Attachment styles can change


Perhaps the most hopeful finding in attachment research is that these patterns are not fixed. Our brains remain capable of change throughout life, and new relational experiences - especially consistent, safe, and caring ones - can gradually rewrite those early blueprints.


This is sometimes described as developing an earned secure attachment style: a sense of security built not from a perfect childhood, but from meaningful experiences of being truly seen and supported as an adult. This can happen in friendships, in romantic partnerships - and, often most powerfully, in therapy.

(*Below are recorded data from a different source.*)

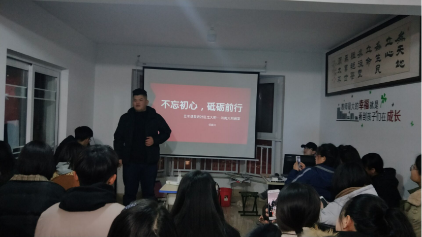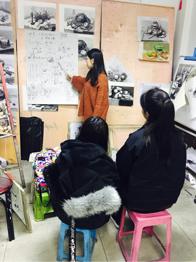 第二站,前往大明画室。济南大明画室是艺术课堂进社区的第二站,也是社会实践小分队实践时长最长的一站。在实践活动中,分队成员主要负责速写、素描等基础性教学工作,向高一、高二阶段的学生讲解绘画技巧、绘画构思、步骤以及向他们传授整体绘画的思想,并把大学期间所学的知识以PPT及范画的形式分享给学生们。同时,小分队成员还负责学生的课后作业以及生活作息管理,督促他们顺利完成作业,合理有效安排作息时间,提高学习效率。
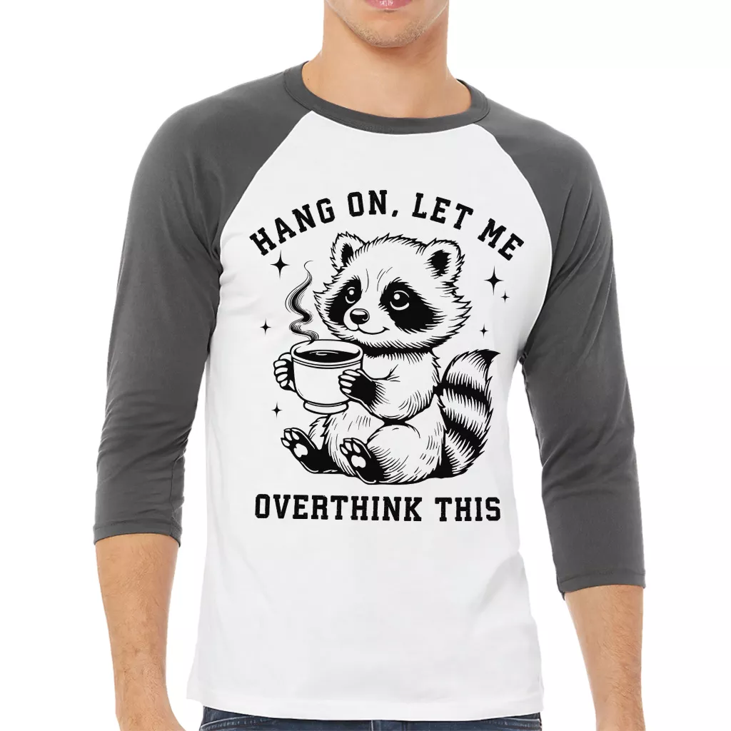 Hang On Let Me Overthink This Baseball T-Shirt – Trash Panda Print 3/4 Sleeve – Funny Racoon Raglan Jersey Shirt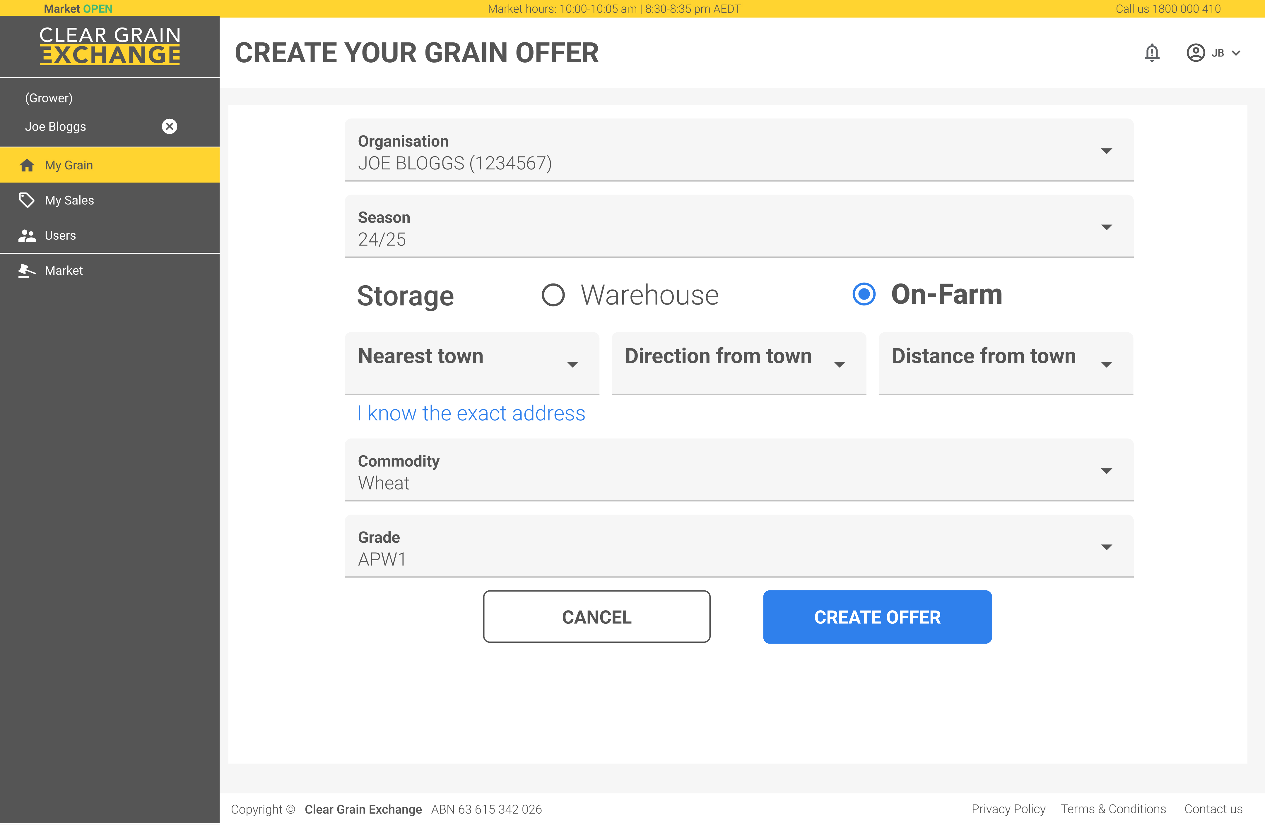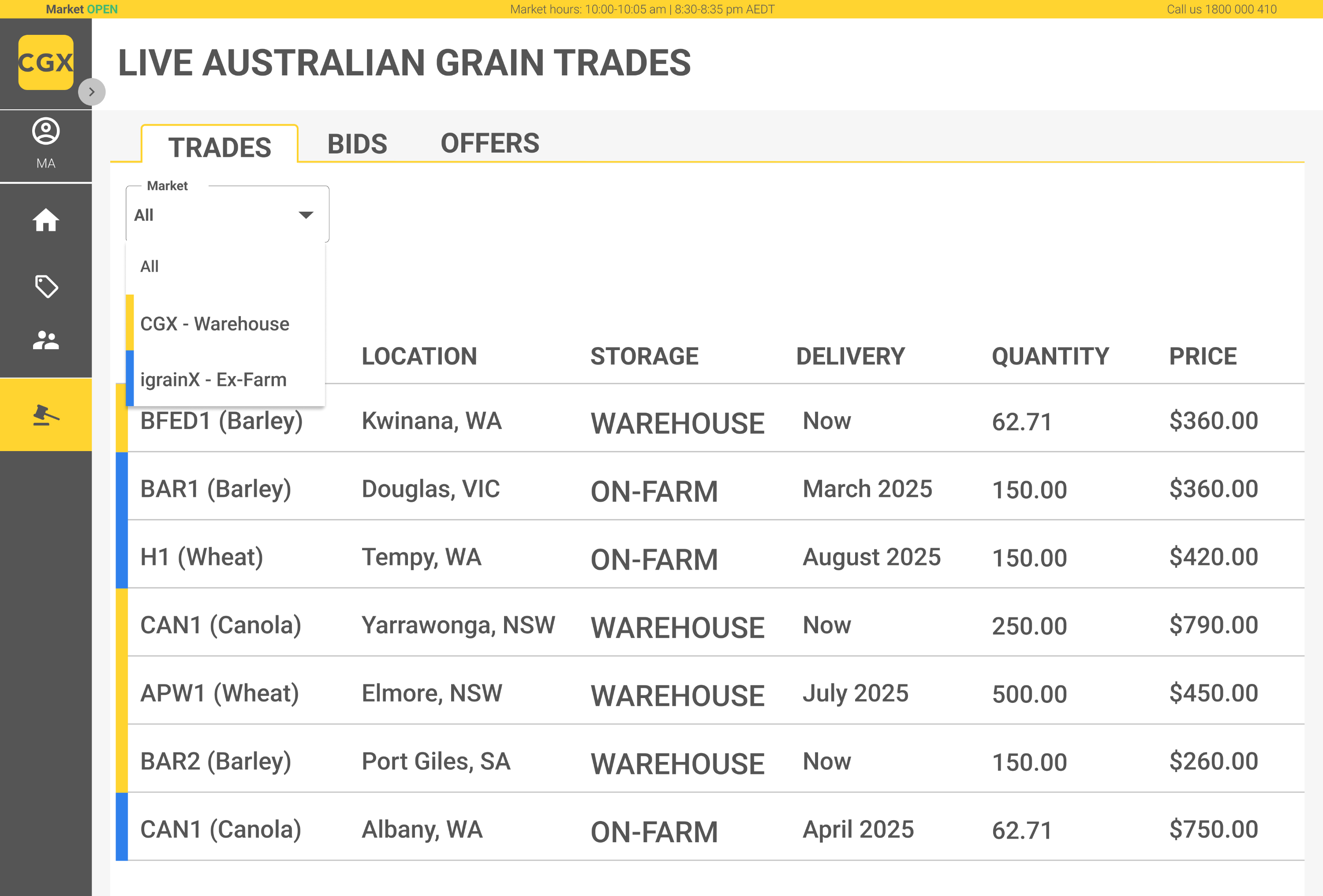 This is a fully integrated market inside CGX enabling you to offer ex-farm (XF) grain for sale to all buyers securely!

The right counsellor doesn't just help you understand your patterns intellectually. The therapeutic relationship itself can become a living example of what safe, consistent, boundaried connection feels like. Over time, that experience can shift how your nervous system responds to closeness, conflict, and vulnerability.


A starting point


If you're curious about your own attachment style, simply noticing your patterns is a valuable first step. How do you respond when someone pulls away? What happens in your body when you feel conflict brewing? Do you find it easy to ask for what you need, or does that feel too vulnerable or exposing?


There are no right or wrong answers, only honest, human ones. Whether you work through these questions with a therapist, a trusted friend, or on your own, the act of turning towards yourself with compassion rather than criticism is itself a form of healing.